This paper presents and examines a neuron-like framework of the generalized Hopfield network (GHN) that is capable to solve nonlinear engineering optimization problems with mixed discrete, integer and real continuous variables. The sequential unconstrained minimization technique (SUMT) was applied to construct the GHN for dealing with the design constraints. An additional penalty function for dealing with the discrete and integer variables was then imposed on the formulation of SUMT to construct an energy function of GHN for formulating the neuron-like dynamical system. The numerical solution process for such a dynamic system is simply solving a set of simultaneous first-order ordinary differential equations (ODE) that is the main feature of this optimization method. The experimental examples showed the presenting strategy is reliable. The suitable values or the adaptation technique for some parameters in computation was discussed in the paper. The presenting strategy indeed provides an alternative way of handling the engineering optimization dynamically and expands the usage of ODE. An asymmetrical three-bar truss design, a reinforced concrete beam design and a 10-bar structural design are contributed to illustrate the presenting neuron-like network method.

Introduction

The solution of nonlinear, constrained with mixed discrete, integer and continuous variables problem generally constitutes a complex, more difficult and often frustrating task than that of pure real continuous variables problem. The search for new insights and effective solutions for such type problems remains an active research endeavor. The earliest and conventional optimization methods belong to the category of iterative line search or gradient-based approach [1]. Engineers and designers have to learn these optimization algorithms so that they can solve the problems successfully. Although several line search methods are reliable for problems solving, however, engineers still have to learn the specific computational techniques. This paper fulfill a motivation of looking for an alternative optimization method that can solve the general nonlinear optimal design problems by well-developed and popular numerical method without learning the varying processes of optimization algorithms. As mentioned above, those iterative line search schemes can be considered as discrete-time realizations of continuous-time dynamical systems. A continuous-time dynamical system can be represented by an analog neuron-like network to process simultaneously a large number of variables. To formulate an optimization problem in terms of artificial neural network (ANN), the key step is to derive a computational energy function (Lyapunov function) so that the lowest energy-state reaches to the desired final design.

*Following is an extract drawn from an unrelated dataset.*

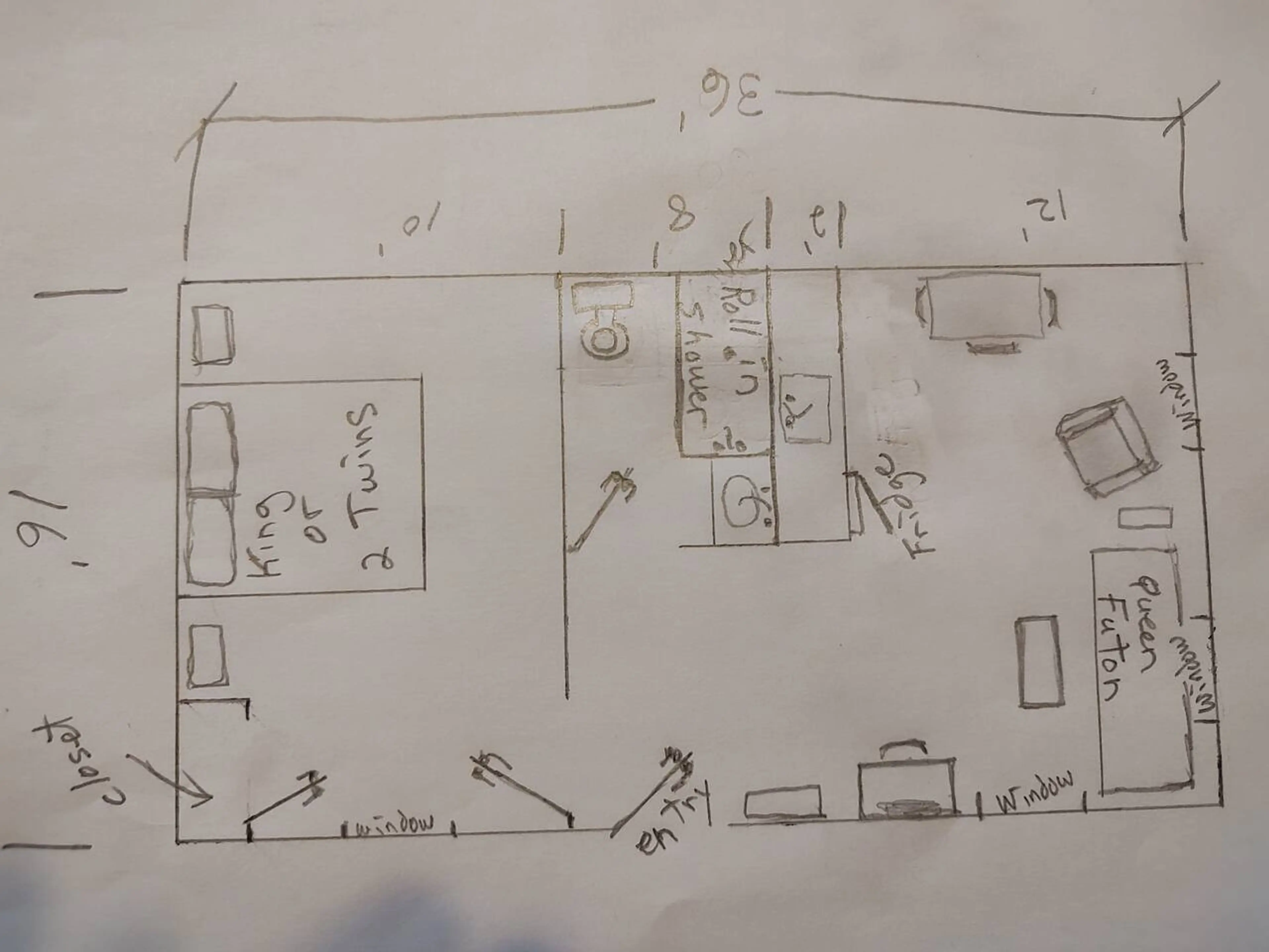 nice little cabin, mostly set up better for heating season than hot summer weather. Air conditioner in bedroom designed to cool the whole cabin was loud and annoying. The gas grill has seen better days.

Two important ANN models had been proposed for solving nonlinear programming problems. Tank and Hopfield [2] introduced the first model of ANN for linear programming problems. They showed the energy function of the network was monotonically nonincreasing with time. Kennedy and Chua [3] developed the second model based on the previous work of Chua and Lin [4]. They showed the linear programming of Tank and Hopfield is a specific case of the canonical nonlinear programming circuit of Chua and Lin with an added capacitor to describe the dynamical behavior of the circuit. This presenting paper basically adopts the integrator used in Kennedy and Chua's model to study the optimization problem of continuous-time (analog) dynamical system. At first, the original nonlinear optimization problem can be transformed to an energy function. A dynamic model then contains a set of nonlinear ordinary differential equations (ODEs) [5] derived by using the sequential unconstrained minimization technique (SUMT) [1] for continuous design variables. An additional penalty function strategy presented in this paper can be imposed on the energy function that results in a pseudo-energy function to deal with the discrete or/and integer variables. This pseudo-energy function can thus develop a system of dynamical ODEs and can be solved consequently. In the following sections, the practical algorithm for dealing with the mixed variable problems has been presented in sequence. The suitable values or the adaptation technique for some necessary parameters in the computational process as well as the solution algorithm have been discussed and given in the paper.

Section snippets

Generalized Hopfield networks of analog processors

Hopfield [6] had introduced the neural network computation in optimization at 1984. The linear Hopfield network was presented to the solution of combinatorial optimization. The constitutive dynamics move the network to a steady state that corresponds to a local extreme status of the system's Lyapunov function. Tsirukis and Reklaitis [5] presented the generalized Hopfield network (GHN) that is capable to deal with the general nonlinear optimization problem by adopting suitable optimization

Constitutive equations of SUMT network

A standard mathematical formulation of optimization problem contains equality and inequality constraints for minimizing a cost function f(x)is stated asFindx=[x1,x2,…,xn]TMinimizef(x)Subjecttogi(x)≤0,i=1,2,…,mhj(x)=0,j=1,2,…,lxLxxUwhere the function of gi(x) indicates the ith nonlinear inequality design constraint and hj(x) indicated the jth equality constraint. xL and xU represent the lower and upper bound of design variables, respectively. Tsirukis and Reklaitis [5] and Cichochi and

Constitutive equations of SUMT network with additional penalty

A mixed variables problem containing a vector of design variables as x=[x1,x2,…,xL,…,xM,…,xN]T that contains L nonnegative discrete variables, (ML) nonnegative integer variables, and (NM) positive real continuous variables. To deal with this problem, the second penalty function is imposed on the energy function of , . The detailed description of this penalty function strategy can be found from Fu et al. [8] and author's paper [9] consisting of the selection of penalty function, associated

Algorithm of GHN based SUMT with additional penalty strategy

Utilize the previous descriptions to develop an algorithm of GHN based SUMT with additional penalty approach for mixed design variables problem is presented in the following:

  • Step 1

    Formulate the optimization problem as , , in which composes of discrete variables xd, integer variables xI, and real continuous variables xc.

  • Step 2

    Formulate the energy function E(x) corresponding to A(x,λ) of ALM strategy or Φ(x)of extended penalty strategy indicated in , , respectively.

  • Step 3

    Construct pseudo-energy functions φA(x,λ)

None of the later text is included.